If you want to share your Rainbow object with someone who might not be using Python, consider sharing a `.rainbow.fits` file. This is a normal FITS file that many astronomers will have a way of reading. The primary extension has no data but a header that might contain some metadata. The three other extensions `fluxlike`, `wavelike`, and `timelike` contain quantities that have shapes of `(nwave, ntime)`, `(nwave)`, `(ntime)`, respectively.

In [None]:
simulated.save("example-datasets/chromatic/test.rainbow.fits")

### `xarray`-based ERS format (`*.xc`)
`chromatic` can write out to the standard `xarray`-based format described above. These writers will generally raise warnings if important metadata is missing. 

In [None]:
spectra = simulated.save("example-datasets/xarray/stellar-spec.xc")

In [None]:
raw_lcs = simulated.save("example-datasets/xarray/raw-light-curves.xc")

In [21]:
fitted_lcs = simulated.save("example-datasets/xarray/fitted-light-curves.xc")

### generic text files (`*.txt`, `*.csv`)
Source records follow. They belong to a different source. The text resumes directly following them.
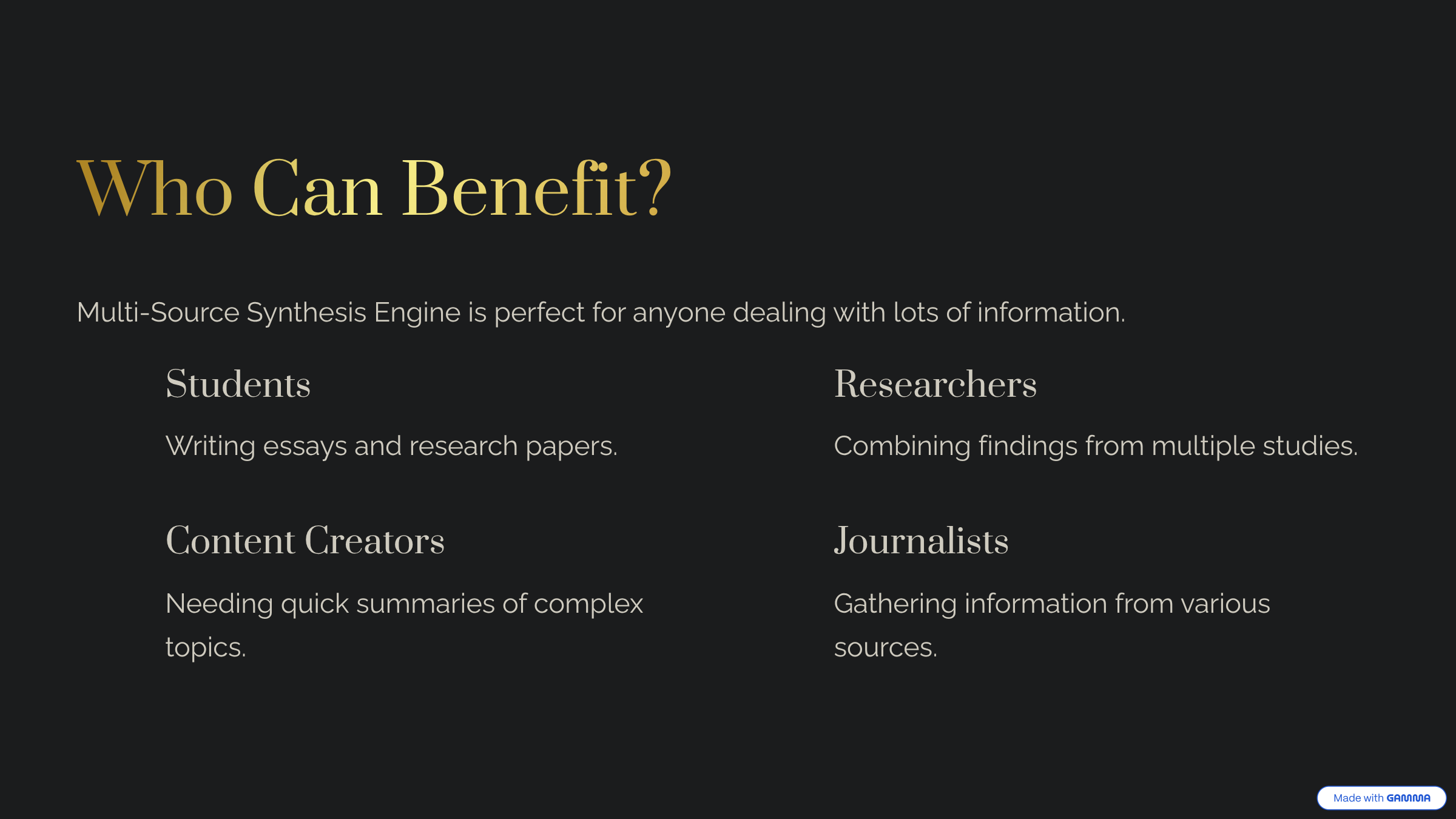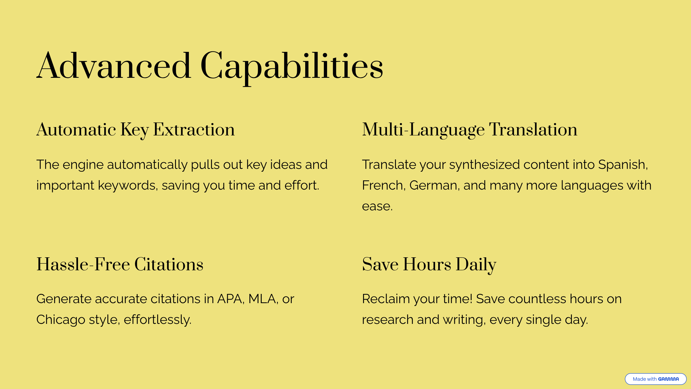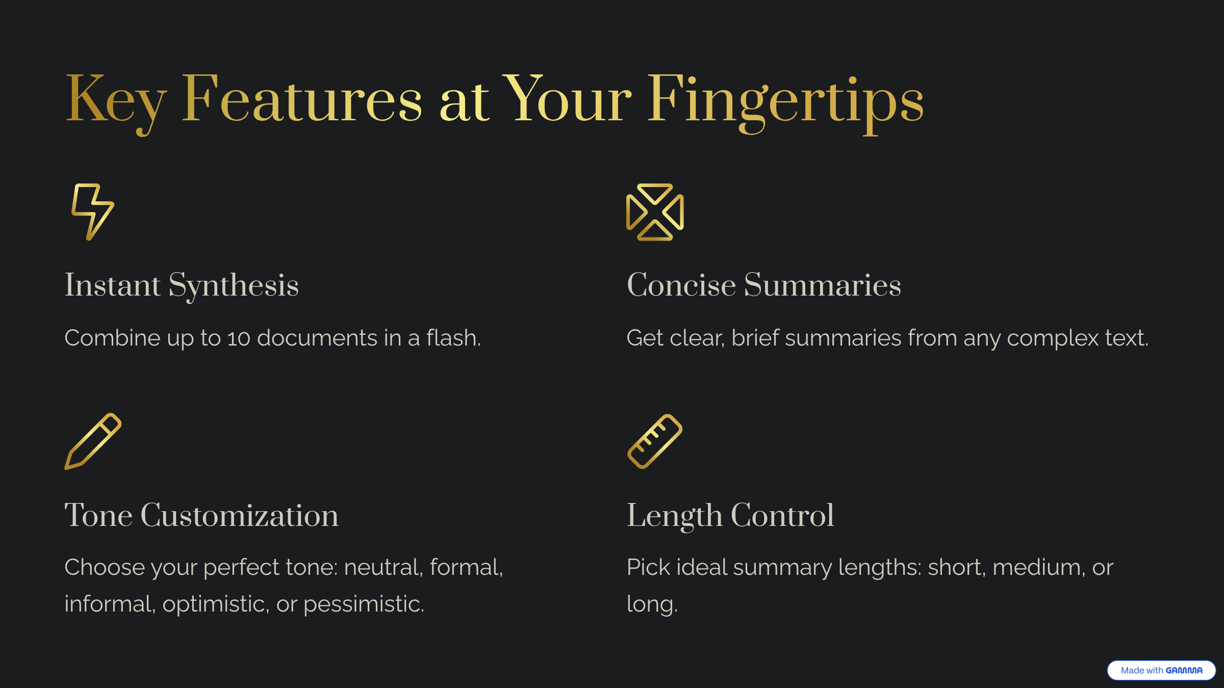 多源合成引擎基于Gemini 2.5 Pro运行,帮助研究人员、作家和学生即时整合并总结多来源内容。只需数秒,即可直接在浏览器中调整语气、长度、语言,并生成引用。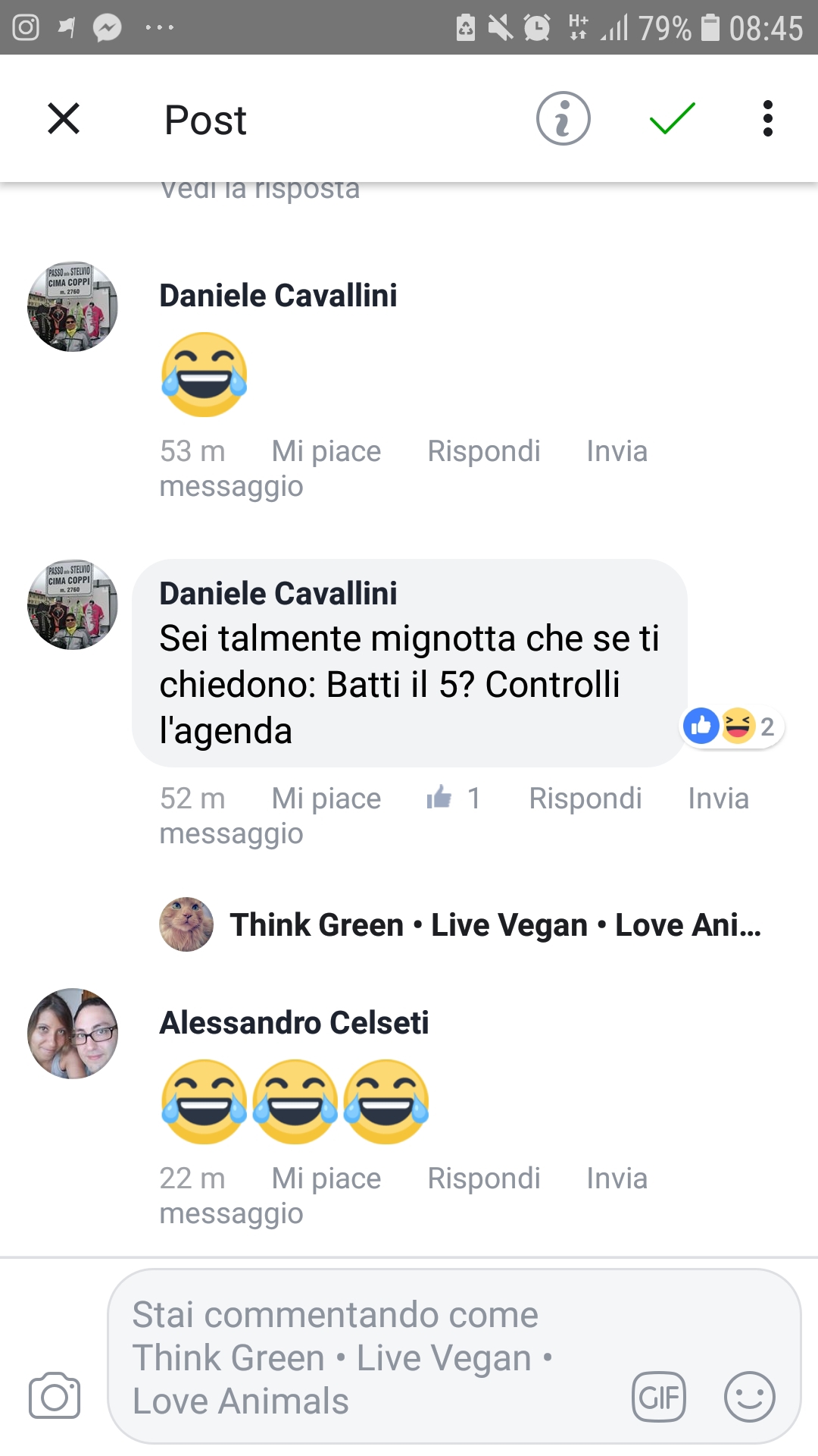 La pubblicazione, nonostante non fosse mirata ad offendere nessuno, non è stata particolarmente apprezzata dagli amministratori di due pagine antivegan che hanno pensato di gettare in pasto ai propri utenti uno screen contenente non solo l’immagine, ma anche la mia foto personale.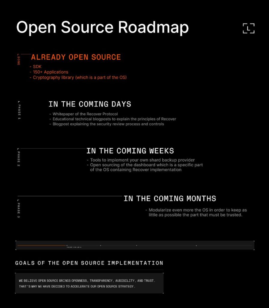 Niedawno udostępniliśmy własną bibliotekę kryptograficzną (która jest częścią naszego systemu operacyjnego), a niedługo opublikujemy białą księgę Ledger Recover, umożliwiając każdemu audyt protokołów kryptograficznych i umożliwiając ludziom tworzenie własnych dostawców kopii zapasowych shardów.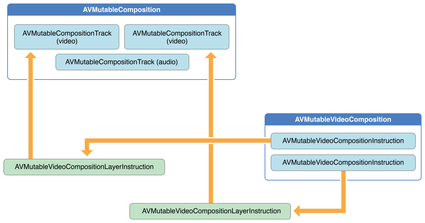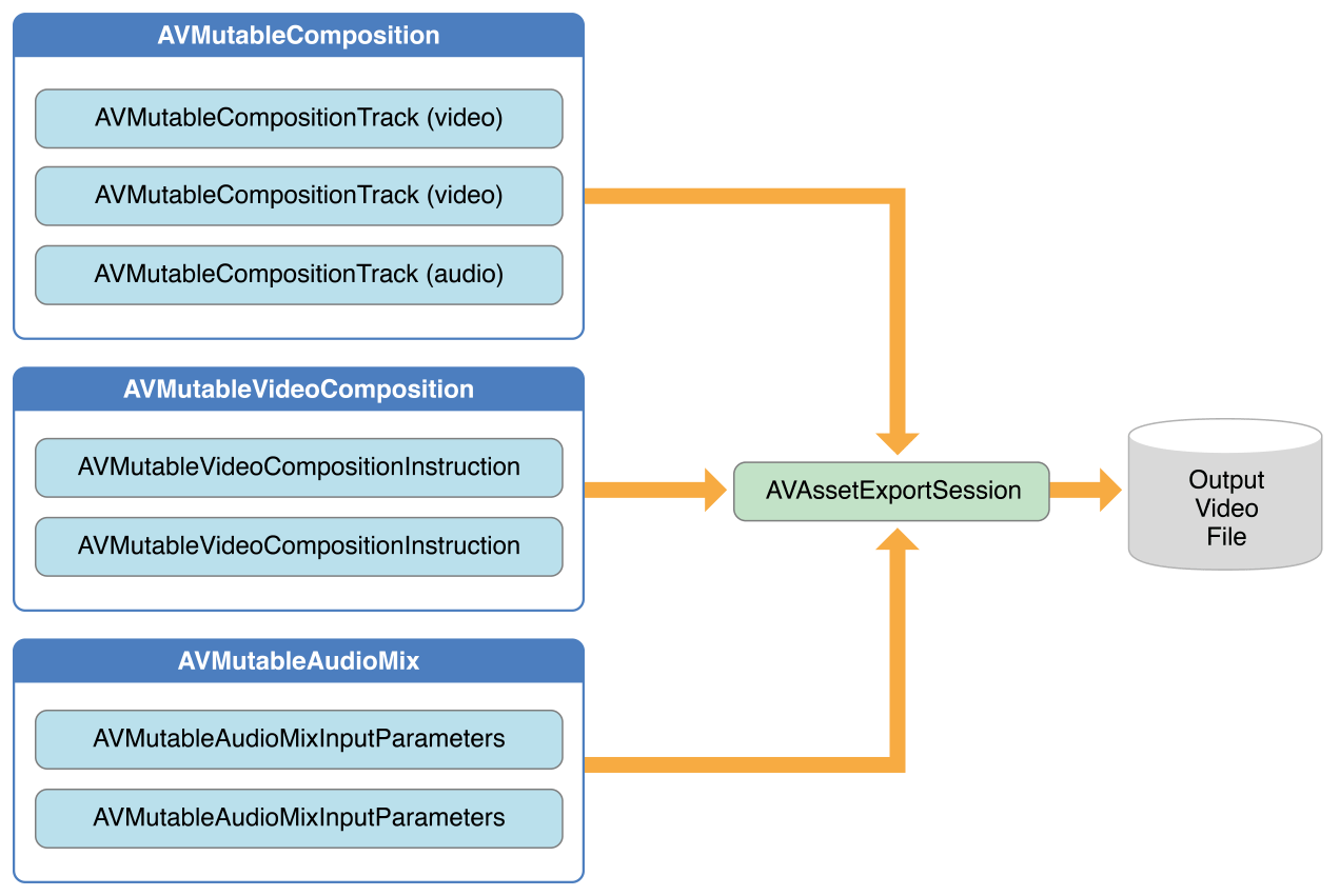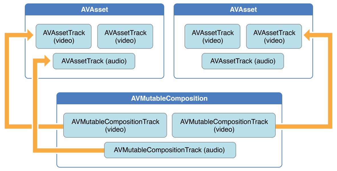 The AVFoundation framework provides a feature-rich set of classes to facilitate the editing of audio visual assets. At the heart of AVFoundation’s editing API are compositions. A composition is simply a collection of tracks from one or more different media assets. The AVMutableComposition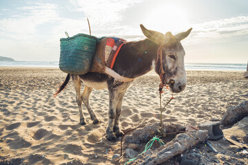 Young donkey grazing in a mountain pasture, emphasizing animal health and farm management, World Animal Day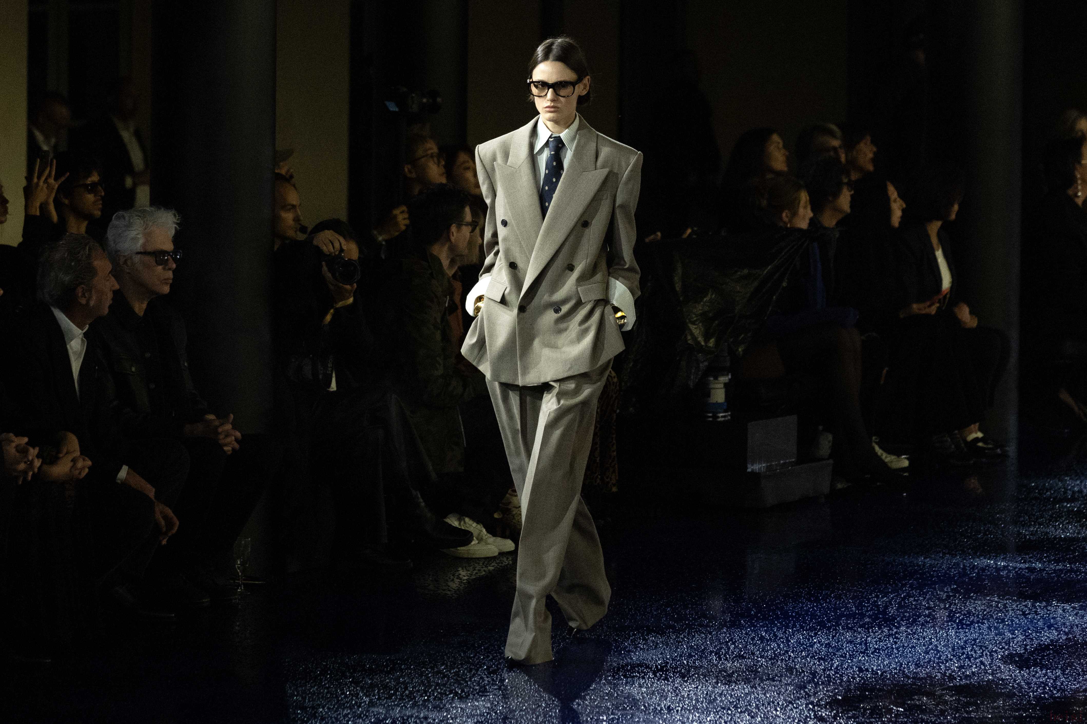 9月24日,模特在法國(guó)巴黎時(shí)裝周上展示圣羅蘭品牌的2025春夏新款時(shí)裝。 新華社/歐新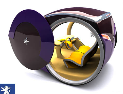 futuristic-car-peugeot, yg menarik roda menjadi kerangka mobil dan pengaman sekaligus.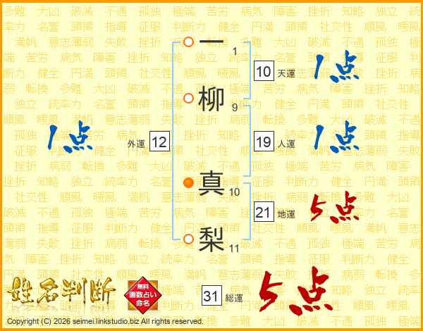 一柳真梨さんの総運は31画の5点!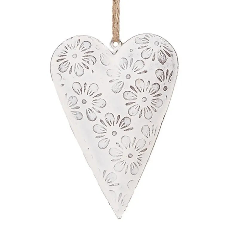 Leuke decoratievemetalen hanger in de vorm van een hartje, aan de voorkant bevinden zich bloemen. De hanger heeft een wittekleur.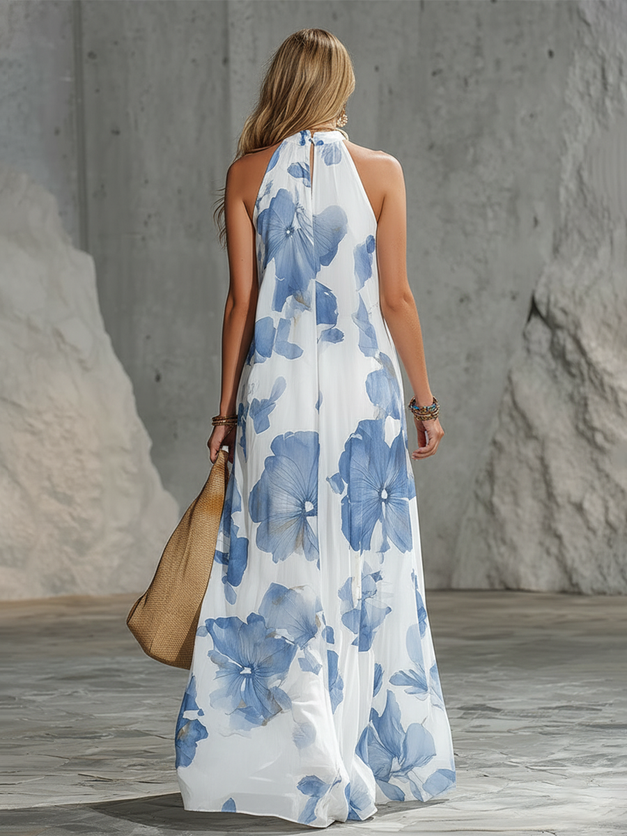 2.Design: Halter-neck, sleeveless, oversized floral print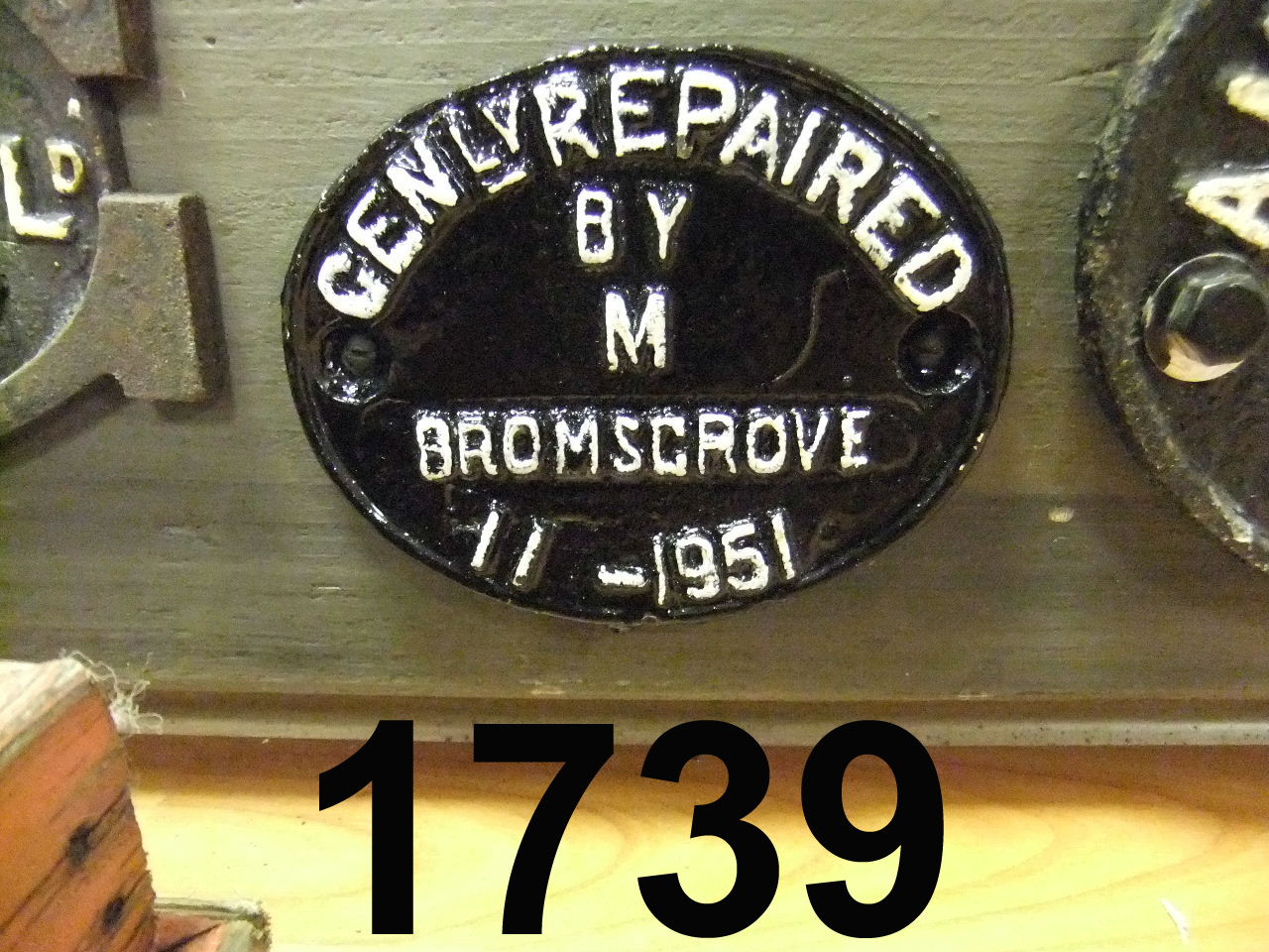 1739 Wagon plate Genl’y repaired by ‘M’ Bromsgrove 11-1951 W3

Text files provide a more generally readable file format, even though they may be slower to read or write. This writer will create one giant text file that stacks the light curves for all wavelengths on top of each other (if the `group_by='wavelength'` keyword is set) or the spectra for all times on top of each other (if the `group_by='time'` keyword is set). The resulting text file should at least have columns that look like:
- `wavelength` for wavelength in microns
- `time` for time in days (preferably BJD$_{\rm TDB}$)
- `flux` for flux in any units
- `uncertainty` for flux uncertainties in the same units as `flux`

In [22]:
simulated.save("example-datasets/chromatic/test.rainbow.txt")

## Other File Formats

Naturally, you might want to use other readers or writers than have already been listed here, to be able to interpret outputs from other analyses or to output the inputs needed for various light curve analyses. We've already added a number of custom readers and writers. Here are the currently available file formats:

In [23]:
from chromatic import available_readers, available_writers

In [None]:
list(available_readers)

In [None]:
list(available_writers)

If you would like a reader and/or writer for a format that doesn't exist above, please either [submit an Issue](../github#Should-I-submit-an-Issue-to-the-chromatic-GitHub-repository?) to discuss its creation or see [Designing New 🌈 Features ](../designing) to learn how to add it yourself. We've invested effort in trying to make it as easy as possible to develop readers/writers for new formats, so please don't hesitate to ask for something to be added. It's really not that hard to add something new.